_Data_

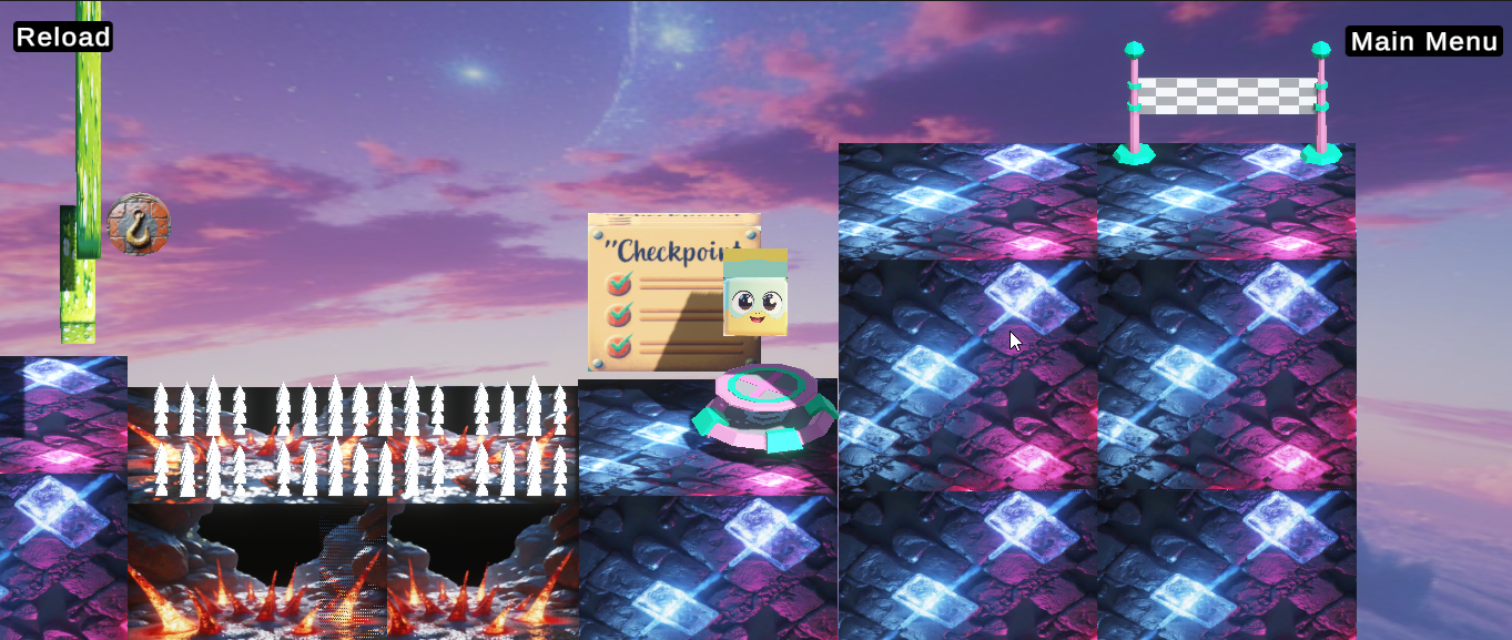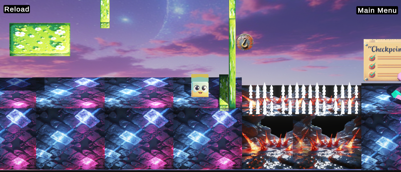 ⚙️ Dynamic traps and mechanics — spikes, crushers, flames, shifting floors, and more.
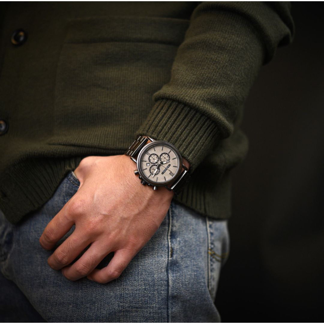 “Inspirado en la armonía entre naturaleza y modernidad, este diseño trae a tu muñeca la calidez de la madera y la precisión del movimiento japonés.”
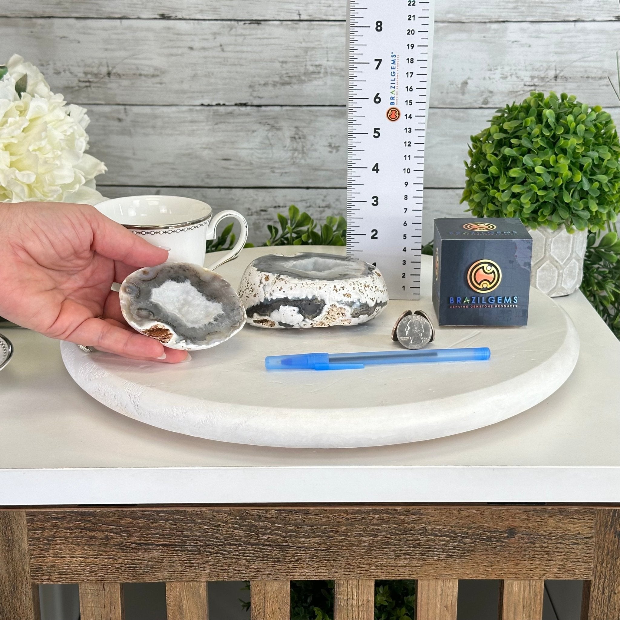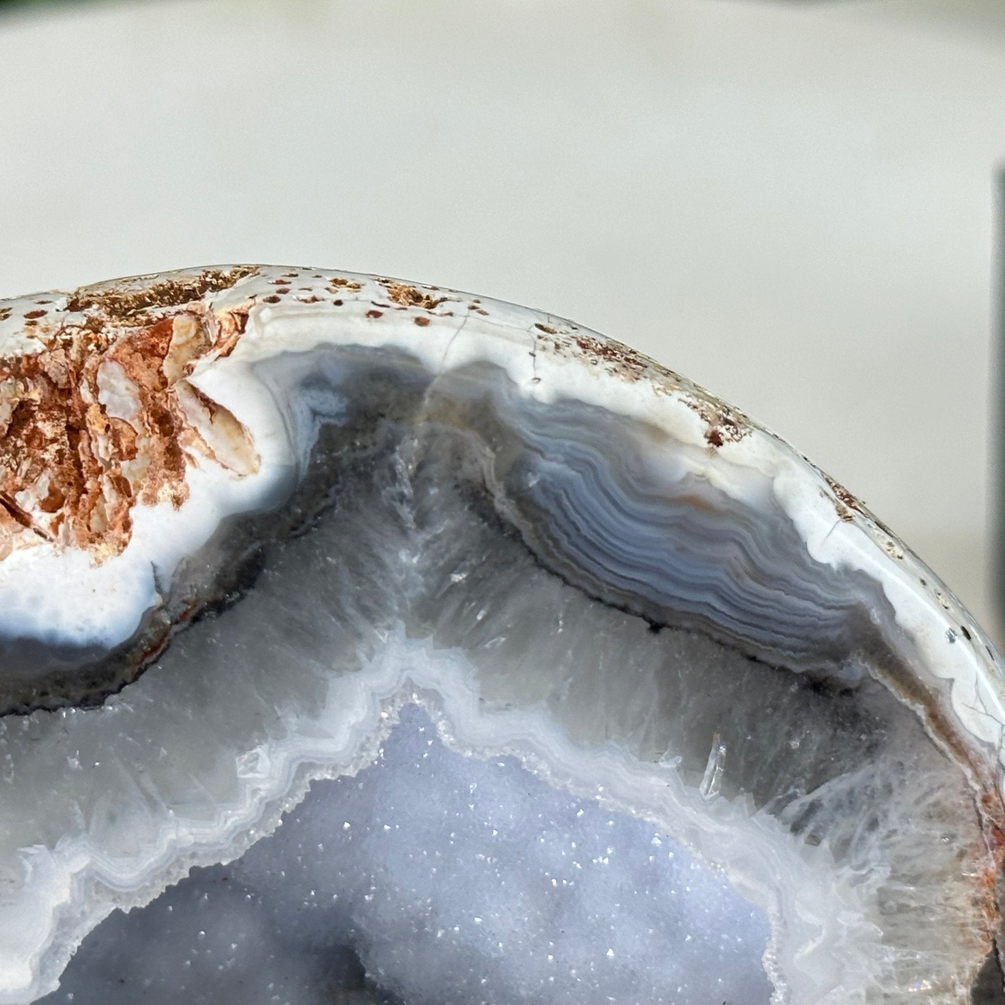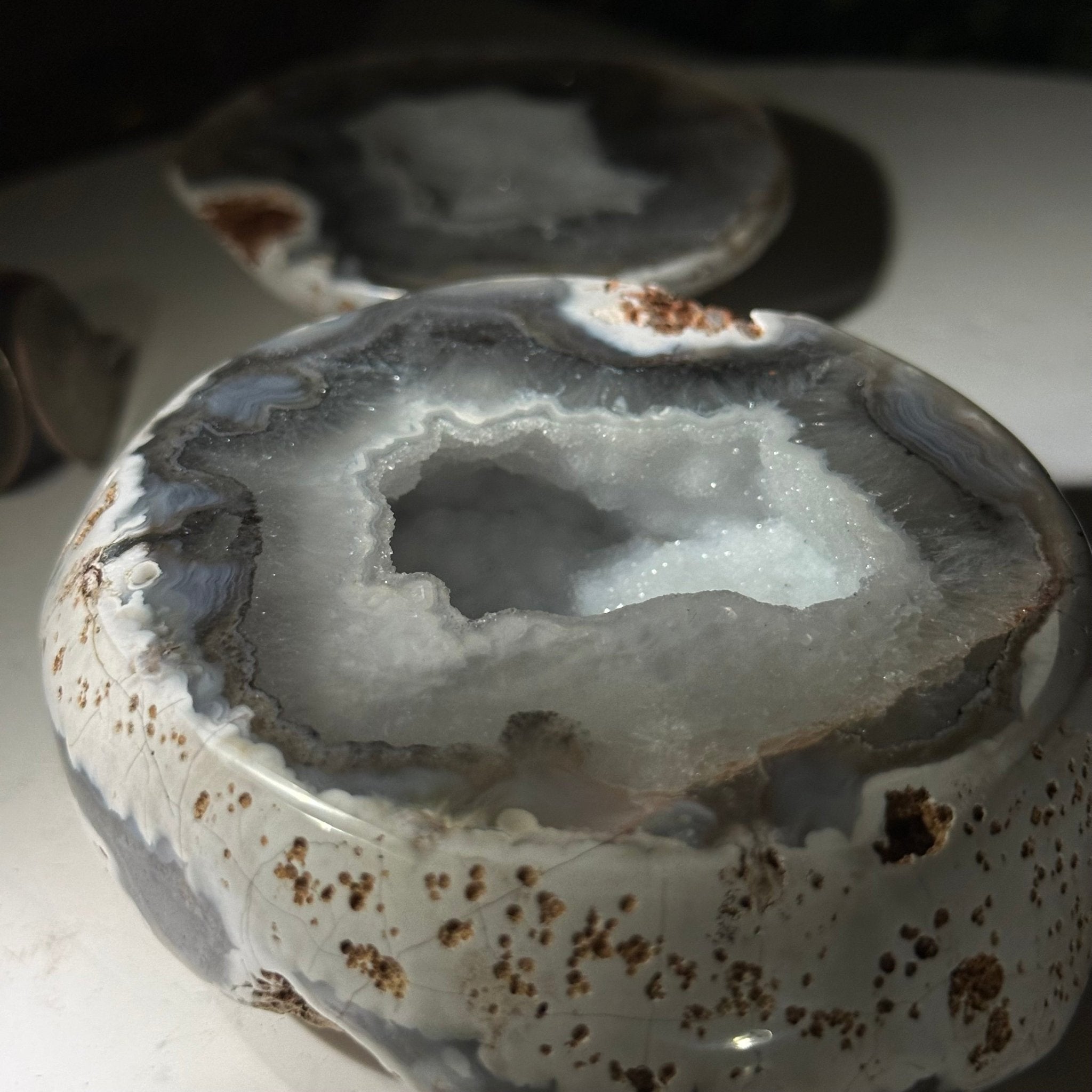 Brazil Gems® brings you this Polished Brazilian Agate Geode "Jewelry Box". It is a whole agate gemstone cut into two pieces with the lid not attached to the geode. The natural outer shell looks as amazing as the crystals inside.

---

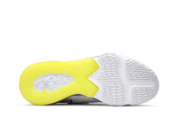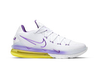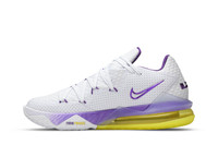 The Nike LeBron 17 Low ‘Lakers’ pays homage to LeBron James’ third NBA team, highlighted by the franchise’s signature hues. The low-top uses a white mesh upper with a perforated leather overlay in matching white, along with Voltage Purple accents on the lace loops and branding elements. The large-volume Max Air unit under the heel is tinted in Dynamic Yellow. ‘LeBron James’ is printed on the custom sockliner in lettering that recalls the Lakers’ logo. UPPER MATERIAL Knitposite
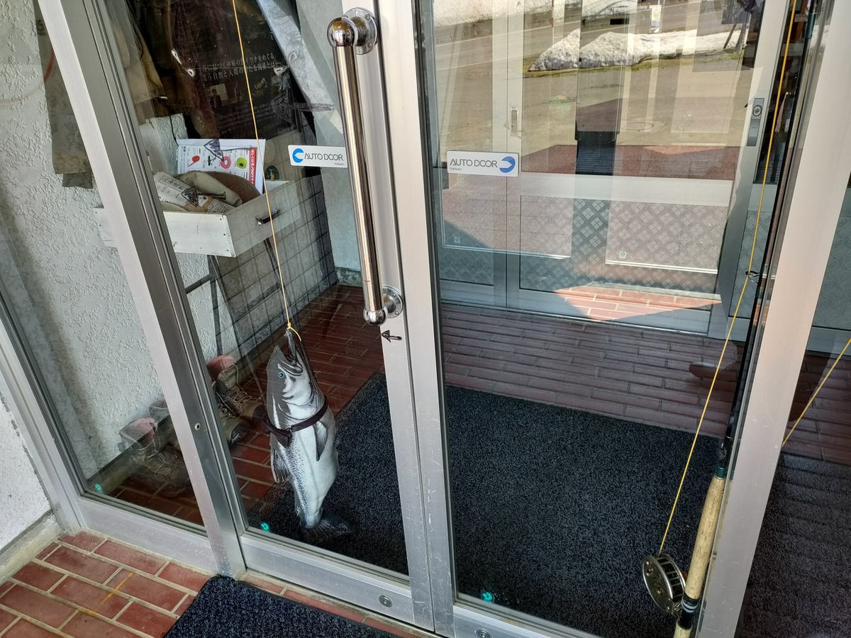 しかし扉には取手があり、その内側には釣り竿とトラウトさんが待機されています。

...

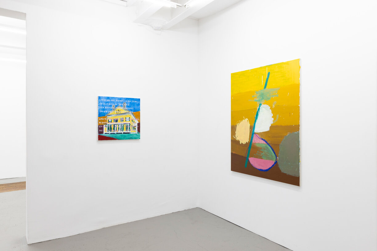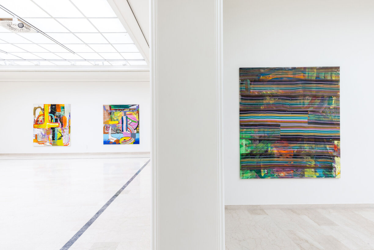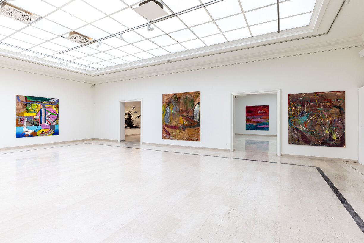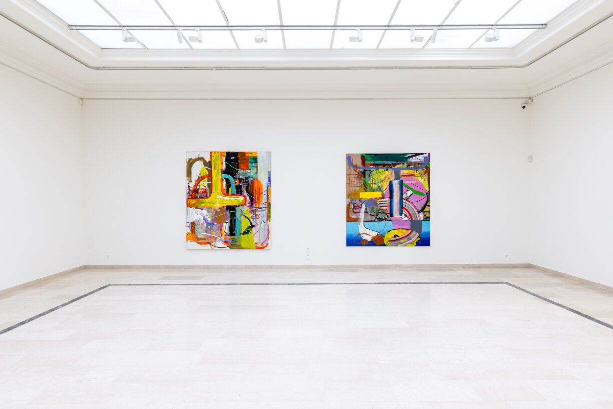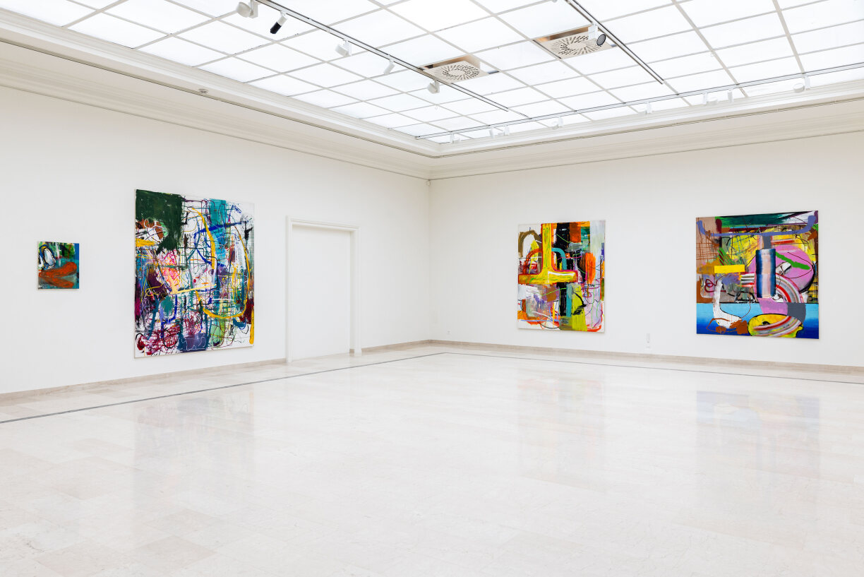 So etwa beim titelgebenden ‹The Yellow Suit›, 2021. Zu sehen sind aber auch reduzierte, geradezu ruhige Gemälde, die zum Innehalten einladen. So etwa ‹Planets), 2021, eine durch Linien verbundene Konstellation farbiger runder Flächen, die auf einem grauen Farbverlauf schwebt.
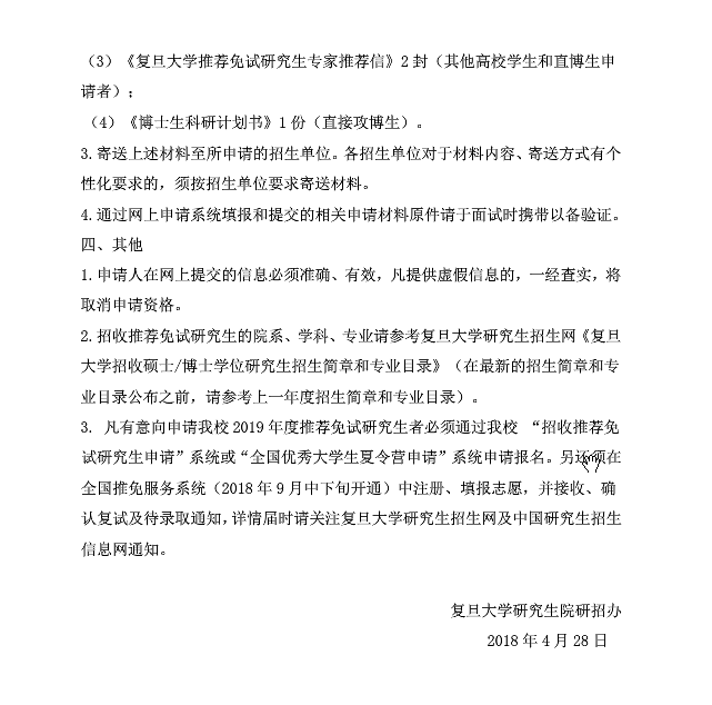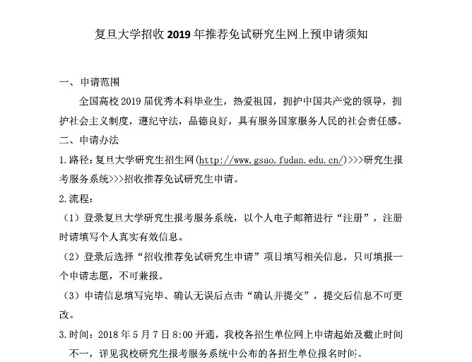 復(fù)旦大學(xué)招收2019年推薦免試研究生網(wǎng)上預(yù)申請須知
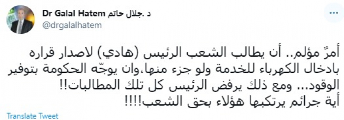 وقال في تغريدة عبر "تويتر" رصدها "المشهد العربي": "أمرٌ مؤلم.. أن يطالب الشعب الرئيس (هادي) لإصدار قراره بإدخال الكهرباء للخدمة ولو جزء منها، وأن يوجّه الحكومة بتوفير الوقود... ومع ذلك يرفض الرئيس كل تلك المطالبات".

_The task_
Output should consist of the lines above from the one with "floors, and more." down to the one with "en la armonía", exact and without pictures.

_Finished task_
 ⚙️ Dynamic traps and mechanics — spikes, crushers, flames, shifting floors, and more.
 “Inspirado en la armonía entre naturaleza y modernidad, este diseño trae a tu muñeca la calidez de la madera y la precisión del movimiento japonés.”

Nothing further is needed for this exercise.